THE PROBLEM
Starting with the line that has "카페인, 갑상선 항진증 등" in the records below and stopping after the line that has "This Yu-Gi-Oh! Cyber", output every line exactly and nothing else; skip pictures.

PROVIDED INFORMATION
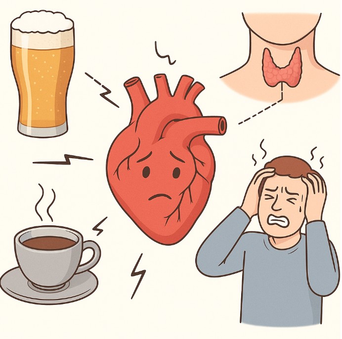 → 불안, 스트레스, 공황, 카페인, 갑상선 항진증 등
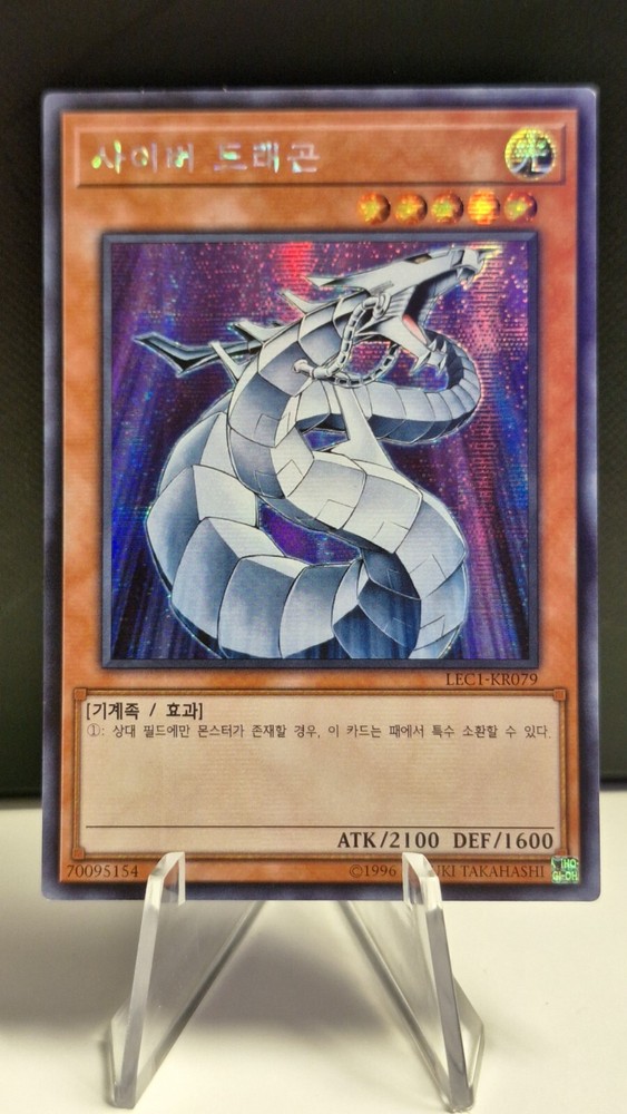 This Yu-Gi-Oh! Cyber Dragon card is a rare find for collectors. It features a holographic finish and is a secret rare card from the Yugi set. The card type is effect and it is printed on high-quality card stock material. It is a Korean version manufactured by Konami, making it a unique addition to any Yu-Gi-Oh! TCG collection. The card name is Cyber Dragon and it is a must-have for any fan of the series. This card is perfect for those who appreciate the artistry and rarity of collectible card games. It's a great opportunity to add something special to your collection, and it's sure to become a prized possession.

--

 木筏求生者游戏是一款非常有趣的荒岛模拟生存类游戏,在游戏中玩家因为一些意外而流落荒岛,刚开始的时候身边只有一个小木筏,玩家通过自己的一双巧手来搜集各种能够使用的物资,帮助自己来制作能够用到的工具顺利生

EXERCISE ANSWER
 → 불안, 스트레스, 공황, 카페인, 갑상선 항진증 등
 This Yu-Gi-Oh! Cyber Dragon card is a rare find for collectors. It features a holographic finish and is a secret rare card from the Yugi set. The card type is effect and it is printed on high-quality card stock material. It is a Korean version manufactured by Konami, making it a unique addition to any Yu-Gi-Oh! TCG collection. The card name is Cyber Dragon and it is a must-have for any fan of the series. This card is perfect for those who appreciate the artistry and rarity of collectible card games. It's a great opportunity to add something special to your collection, and it's sure to become a prized possession.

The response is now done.